Познакомившись с Бурлюком лично в Куоккале, он не то что примирился с ним — этого не было и быть не могло! — а просто стал смотреть на него снисходительнее, не придавая никакого значения его парадоксам и придерживаясь беззлобной иронии во всех разговорах с ним. Татьяна Львовна Щепкина-Куперник, присутствовавшая при этом свидании, тогда же вписала мне в «Чукоккалу» такой стихотворный экспромт:
А портрет Маяковского Репин так и не написал. Приготовил широкий холст у себя в мастерской, выбрал подходящие кисти и краски и все повторял Маяковскому, что хочет изобразить его «вдохновенные» волосы. В назначенный час Маяковский явился к нему (он был почти всегда пунктуален), но Репин, увидев его, вдруг вскрикнул страдальчески:
— Что вы наделали!.. о!
Оказалось, что Маяковский, идя на сеанс, нарочно зашел в парикмахерскую и обрил себе голову, чтобы и следа не осталось от тех «вдохновенных» волос, которые Репин считал наиболее характерной особенностью его творческой личности.
— Я хотел изобразить вас народным трибуном, а вы…
И вместо большого холста Репин взял маленький и стал неохотно писать безволосую голову, приговаривая:
— Какая жалость!

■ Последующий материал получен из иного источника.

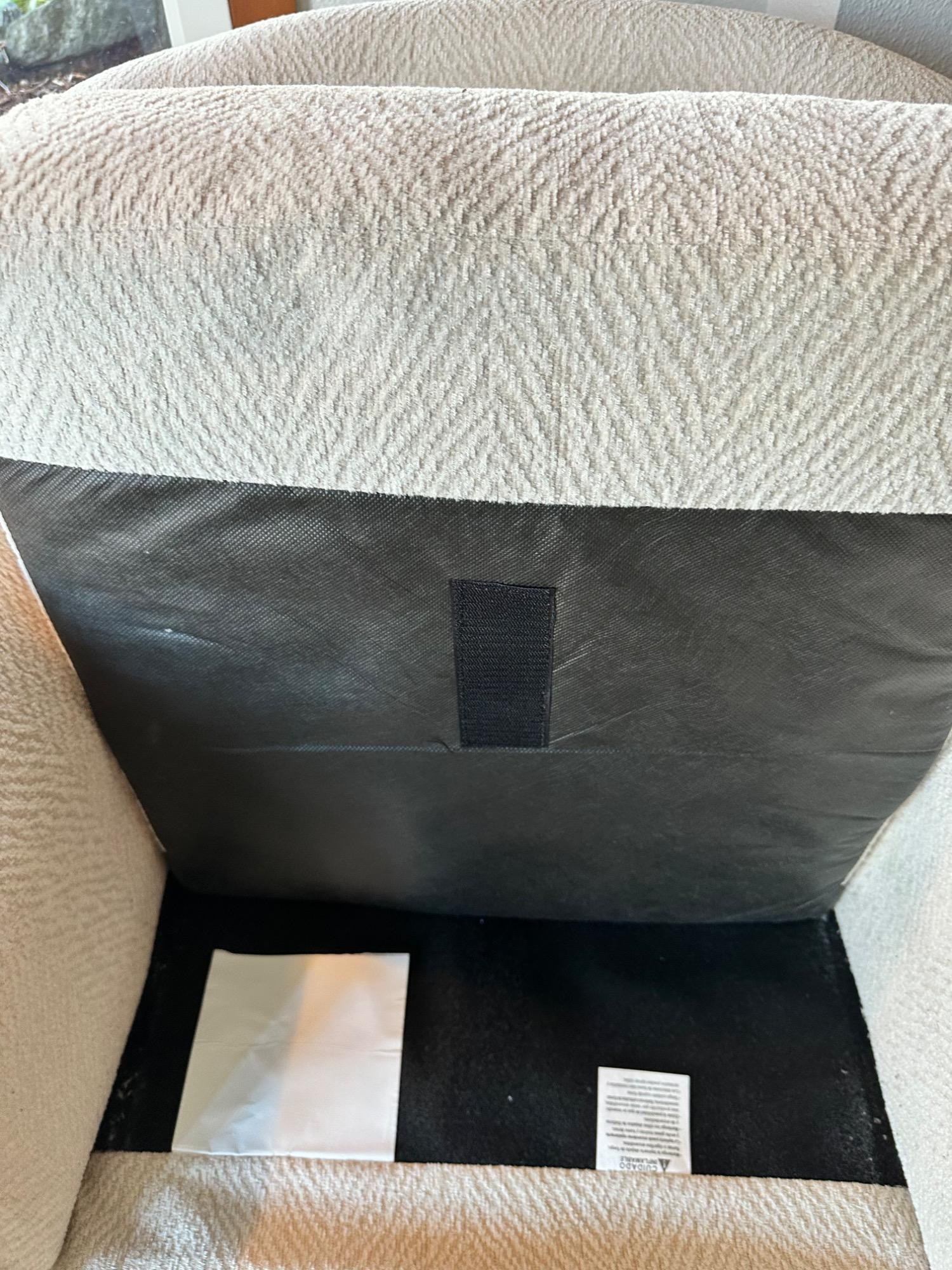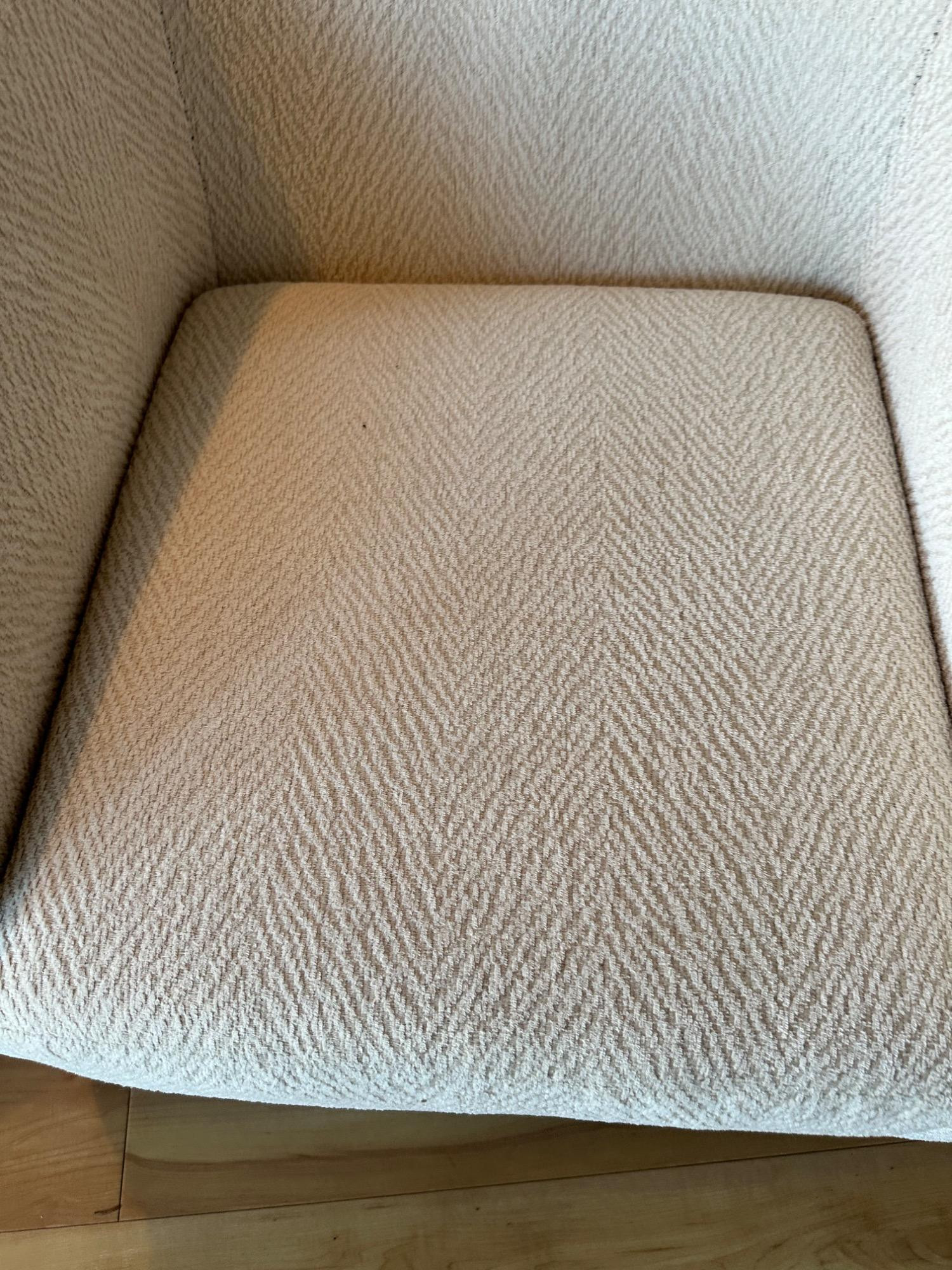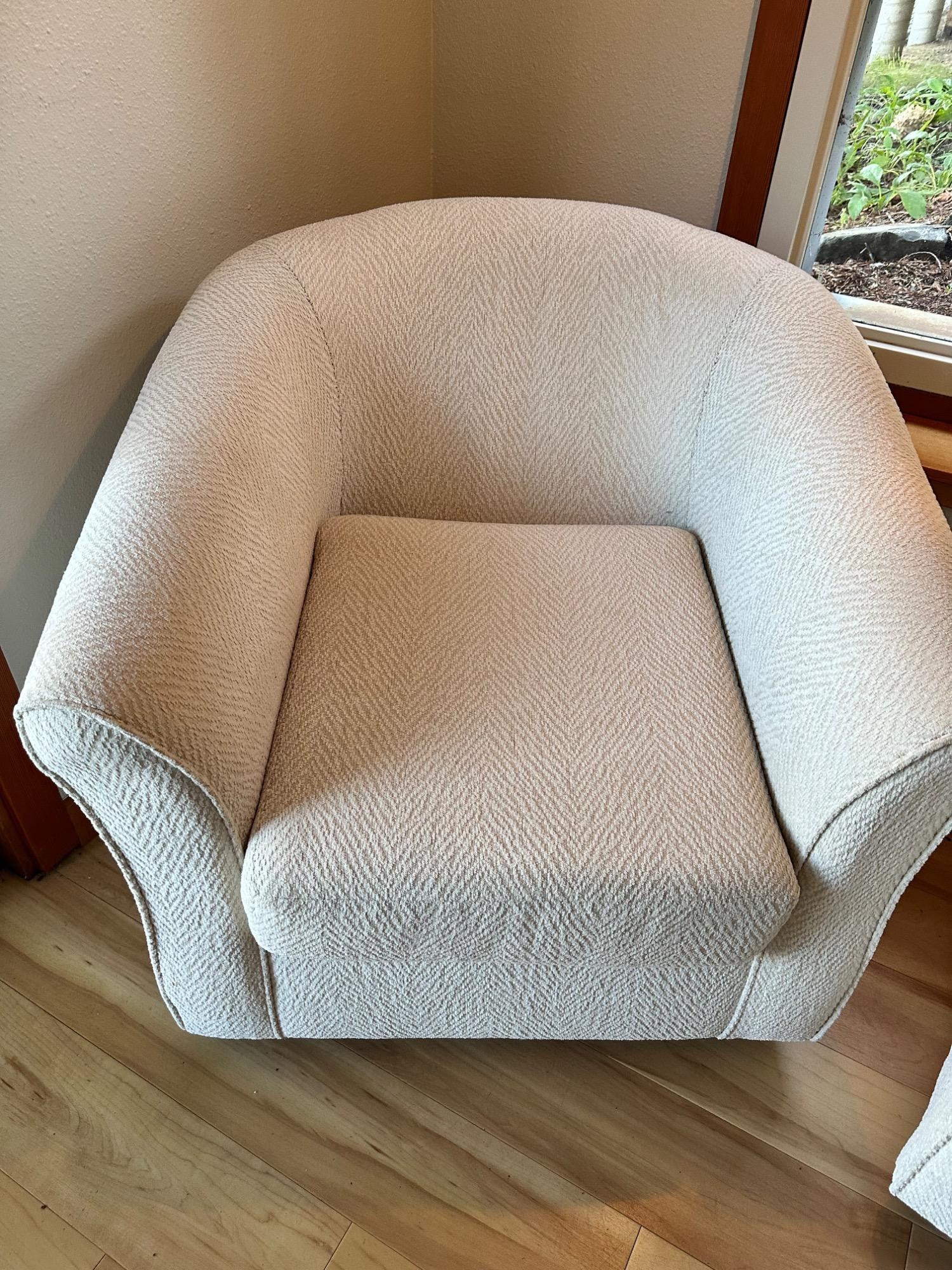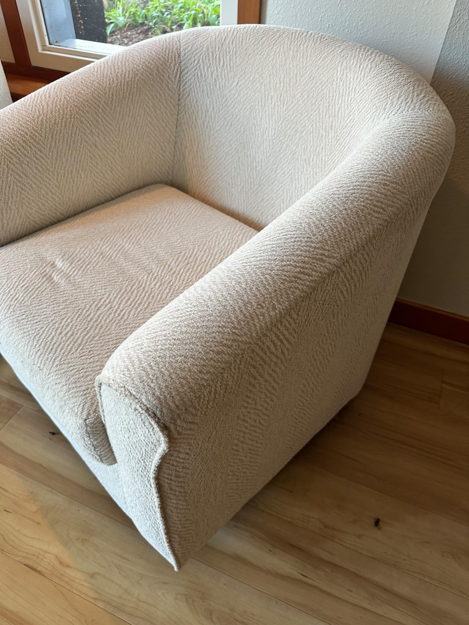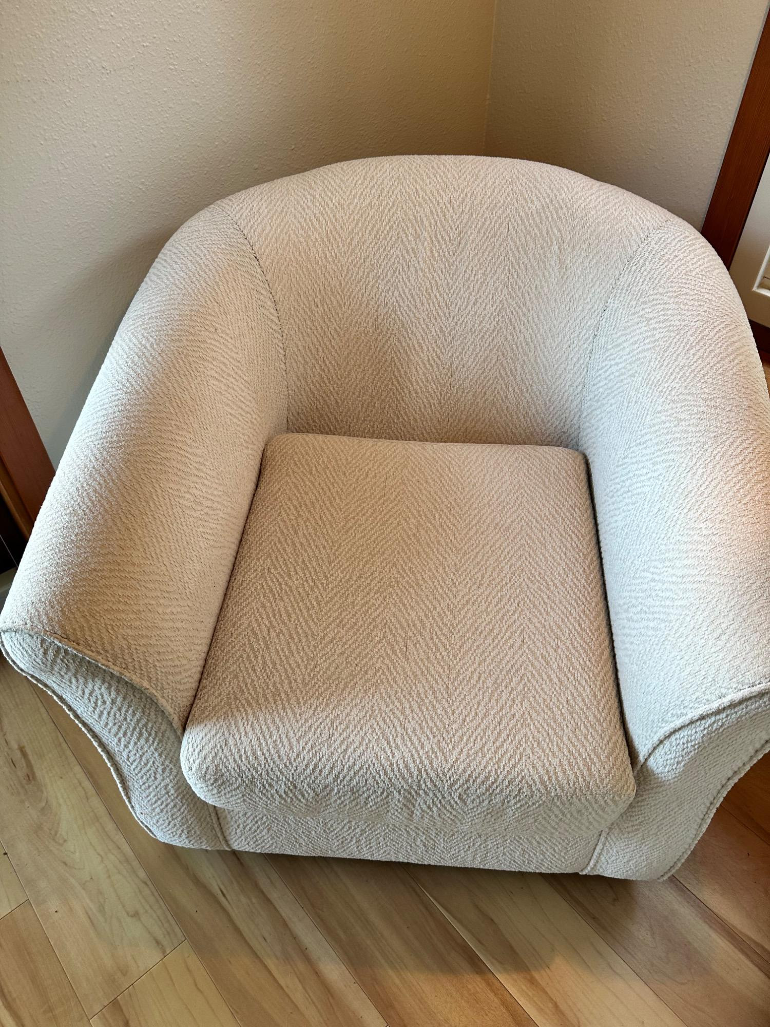 This pair of modern swivel barrel chairs by Nautica Co. features a stylish off-white/beige textured fabric. Both chairs are in excellent condition and measure 31" tall, 34" deep, and 53" wide (arm to arm), with a seat depth of 21" and seat height of 19". Perfect for adding elegance and comfort to any room. Bidding on this lot is an agreement that: (1.) You will have 2 capable, able-bodied persons to lift and load at a minimum. (2.) You will bring a hand truck and/or any other tools needed to remove this item. If these steps are not followed your item will be forfeited and no refund given.

И что это вас угораздило!
Маяковский утешал его:
— Ничего, Илья Ефимович, вырастут!
Всей своей биографией, всем своим творчеством он отрицал облик поэта как некоего жреца и пророка, «носителя тайны и веры», одним из признаков которого были «вдохновенные» волосы. Не желая, чтобы на репинском портрете его чертам было придано ненавистное ему выражение, он предпочел обезобразить себя, оголив до синевы свой череп.
Где теперь этот репинский набросок, неизвестно[116].
К сожалению, дальнейшие отношения Маяковского и Репина для меня как в тумане. Смутно вспоминаю, что зимой того же года (или, может быть, год спустя), уже живя в Петрограде, Маяковский приехал ко мне вместе с Аркадием Аверченко, и мы пошли к Илье Ефимовичу в Пенаты. Как они встретились — Маяковский и Репин — и что они говорили, не помню. Помню только, как в столовой у Репина за круглым столом Владимир Владимирович стоит во весь рост и читает свою поэму «Война и мир» (не всю, а клочки и отрывки; она еще не была в ту пору закончена), а Репин стонет от восхищения и выкрикивает свое горячее «браво! браво!»
Какими запасами молодости должен был обладать этот семидесятилетний старик, чтобы, наперекор всем своим привычкам и установившимся вкусам, понять, оценить и полюбить Маяковского!
Ведь Маяковский в то время совершал одну из величайших литературных революций, какие только бывали в истории всемирной словесности. В своем «Тринадцатом апостоле» («Облако в штанах») он ввел в русскую литературу и новый, небывалый сюжет, и новую, небывалую ритмику, и новую, небывалую систему рифмовки, и новый синтаксис, и новый словарь.